The reality is that while Tatian is referenced in our copies of the Book One of Against Heresies, it is hard to see how this could be argued to be a continuation of the account of the Valentinians, nor at the same time can its contents be described as 'beginning as far back as Simon.' Simon Magus, strangely appears after the account of Valentinus, the Valentinians and Marcus and just before the discussion of Tatian. The consensus in modern scholarship is that because the Philosophumena knows and preserves the same basic order of the section of 'Valentinus and the Valentinians' followed by a section on 'Marcus' that what follows in Against Heresies Book One derives its origin from another source - i.e. Justin's 'Syntagma' (or 'notebook' which also outlined the various heresies).

I will agree that the basically shared materials in Against Heresies and the Philosophumena point to a common ancestor. Yet what scholars often fail to see is that the Philosophumena also preserves Photius's original understanding that the section on the Valentinians began with Simon Magus then worked down to Valentinus and then Marcus and then ultimately ended with a discussion of Tatian. The Philosophumena's order is:

Simon Magus (Phil. 6.1 - 15)
Valentinus (Phil. 6.16 - 32)
Various Valentinians (Phil. 6.33)
Marcus (Phil. 6.34 - 50)

There is no doubt that the author of the Philosophumena was following the original order of Book One of Against Heresies as he knew it by his closing statement in Book Six, namely that various Marcosian bishops:

having approached the subject of a refutation in a more unconstrained spirit, has explained such washings and redemptions, stating more in the way of a rough digest what are their practices (and) on meeting with (Irenaeus' work), deny that they have so received, but they have learned that always they should deny. Wherefore our anxiety has been more accurately to investigate, and to discover minutely what are the (instructions) which they deliver in the case of the first bath, styling it by some such name; and in the case of the second, which they denominate Redemption. But not even has this secret of theirs escaped (our scrutiny).
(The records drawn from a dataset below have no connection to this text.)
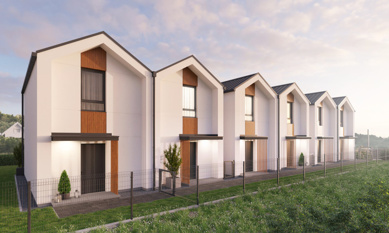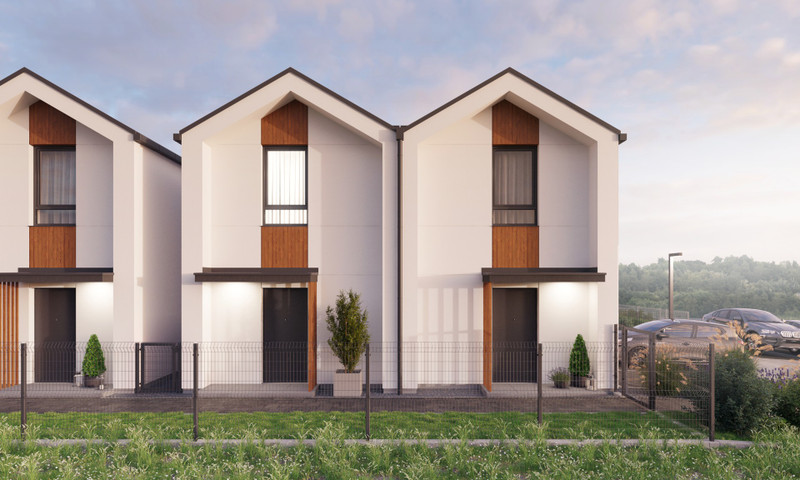 Inwestycja obejmuje 6 domów w zabudowie bliźniaczej, każdy o powierzchni 50,64 m².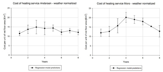 Yearly costs of heating service per unit of net floor area—Weather normalized model predictions—Andersen Kindergarten and Moro School.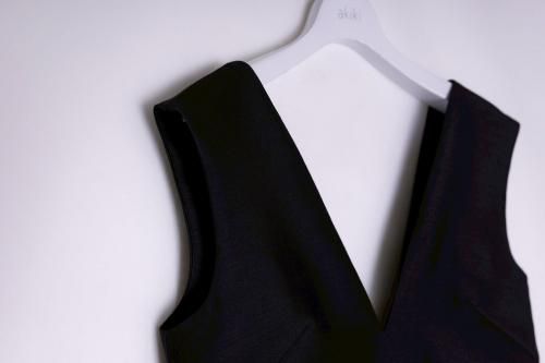 素材の重みと光沢が、纏う人の存在を際立たせるドレスです。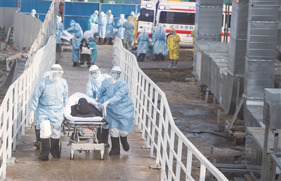 1月23日下达建设任务,2月2日完成交付。总建筑面积3.39万平方米,可容纳1000张床位的武汉火神山医院从方案设计到建成交付仅用10天时间。这是2月4日,医护人员将患者转运至武汉火神山医院病房。新华社记者 肖艺九 摄

For these opinions, however, we consent to pardon Valentinus and his school. (Phil. 6.37)

Clearly then the author of the Philosophumena not only followed Irenaeus's original account closely but ultimately tried to 'improve' the accuracy of the narrative.

The fact that Epiphanius could have mistaken the description of the other baptism of the followers of Mark for something originally associated with the followers of Heracleon points to more modifications of the text or at least a variant version of the material which did not specify that the practices belonged to those associated with Mark. There is no way of telling why this generic description was ultimately developed. Nevertheless it is worth pointing out that Epiphanius's account of the Marcosians preserves most of the material in Against Heresies assigning the 'redemption baptism' to the followers of Mark. He might have had a separate 'lecture' which mostly conformed to AH 1.21.3-5 directed now not against 'Marcosians' but against 'Alexandrians' or 'heretics' but which did not specify a particular group but was thought to pertain to heretics generally.
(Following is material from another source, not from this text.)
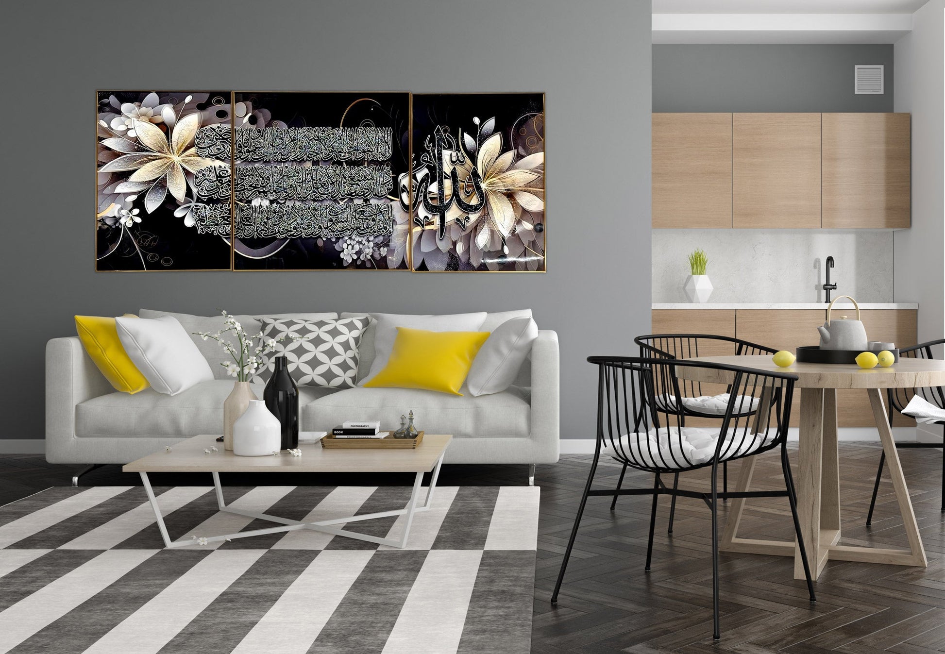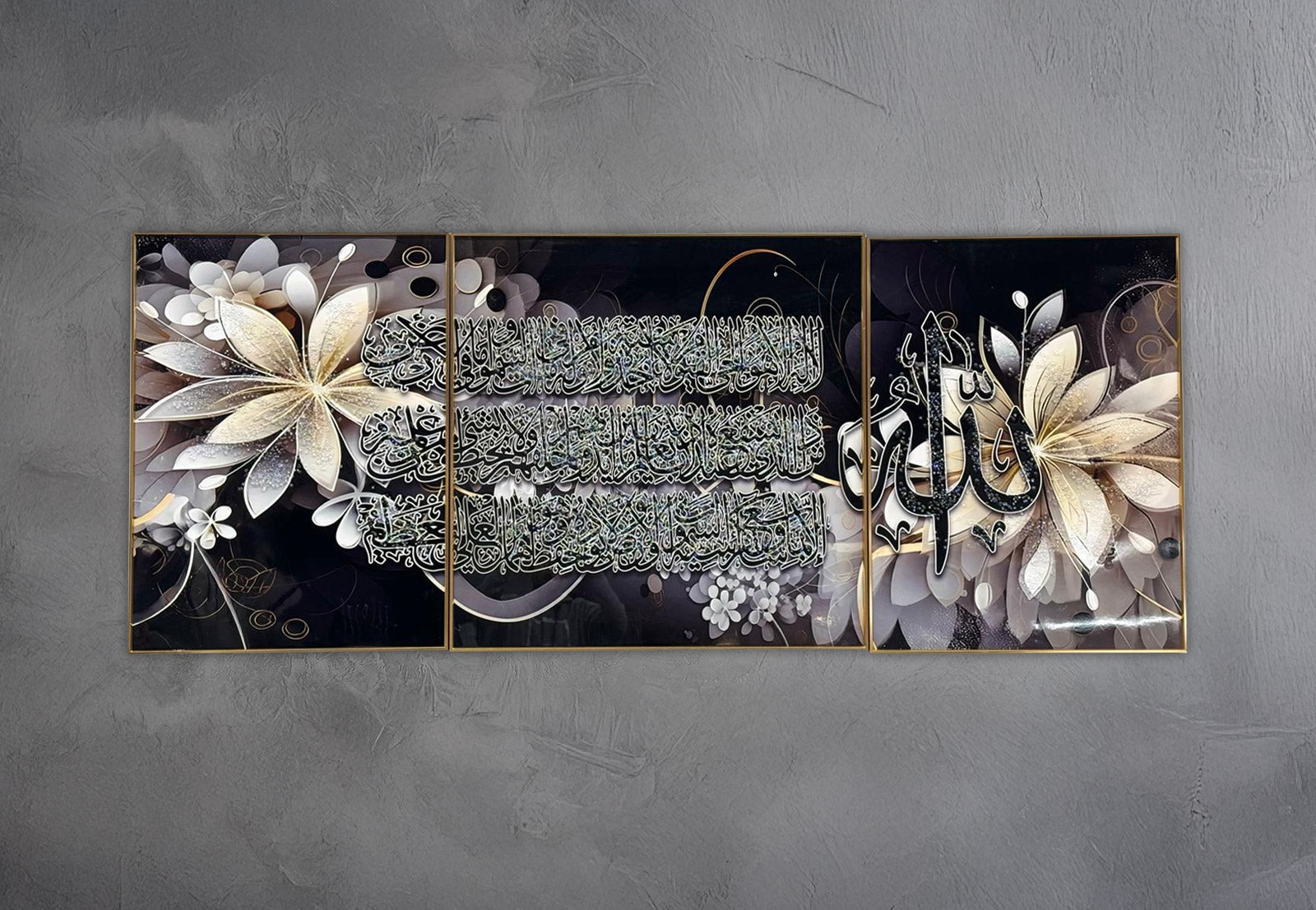 Inspired by sacred verses, this intricately designed triptych blends spirituality with artistic elegance. The composition features golden floral patterns intertwined with Arabic calligraphy, creating a tranquil focal point for any space. Perfect for living rooms, meditation corners, or galleries seeking a statement piece.

This kind of situation certainly applied to Tertullian's translation of a lost original and ultimately separate treatise devoted to the Valentinians (Adv Valent) which basically conforms to AH 1.1 - 1.12. Yet as we noted in the previous post in this series, there are significant gaps of information here:

Adv Valent 7 -- AH Book One Chapter 1.1
Adv Valent 8 -- AH Book One Chapter 1.2,3
Adv Valent 9 -- AH Book One Chapter 2.1,2
Adv Valent 10 -- AH Book One Chapter 2.3,4
Adv Valent 11 -- AH Book One Chapter 2.5,6
Adv Valent 12 -- AH Book One Chapter 2.6
Adv Valent 13 -- AH Book One Chapter 3.1 and continues with AH Book One Chapter 4.1
Adv Valent 14 -- AH Book One Chapter 4.1
Adv Valent 15 -- AH Book One Chapter 4.2,4 (LOOSELY)
Adv Valent 16 -- AH Book One Chapter 4.5
Adv Valent 17 -- AH Book One Chapter 4.5 - 5.1
Adv Valent 19 -- AH Book One Chapter 5. 1
Adv Valent 20 -- AH Book One Chapter 5.2
Adv Valent 21 -- AH Book One Chapter 5.3-4
Adv Valent 22 -- AH Book One Chapter 5.4
Adv Valent 23 -- AH Book One Chapter 5.4
Adv Valent 24 -- AH Book One Chapter 5.5
Adv Valent 25 -- AH Book One Chapter 5.6
Adv Valent 26 -- AH Book One Chapter 6.1
Adv Valent 27 -- AH Book One Chapter 7.2
Adv Valent 28 -- AH Book One Chapter 7.3,4
Adv Valent 29 -- AH Book One Chapter 7.5 AND 7.3
Adv Valent 30 -- AH Book One Chapter 6.2,4
Adv Valent 31 -- AH Book One Chapter 7.1
Adv Valent 32 -- AH Book One Chapter 7.1 AND 7.5
Adv Valent 33 -- AH Book One Chapter 12.1
Adv Valent 34 -- AH Book One Chapter 11.5
Adv Valent 35 -- AH Book One Chapter 11.5 (VERY CLOSELY)
Adv Valent 36 -- AH Book One Chapter 12.3
Adv Valent 37 -- AH Book One Chapter 11.3
Adv Valent 38 -- AH Book One Chapter 11.1
Adv Valent 39 -- AH Book One Chapter 12.3

In our next post in the series we are going to demonstrate that the missing sections of information here (i.e. AH chapters 8,9 and 10) were added by a later editor rather than Irenaeus). These sections are absolutely critical because it is here that we find the stuff about a 'universal Church' agreeing on orthodoxy, the heretics making cento gospels etc.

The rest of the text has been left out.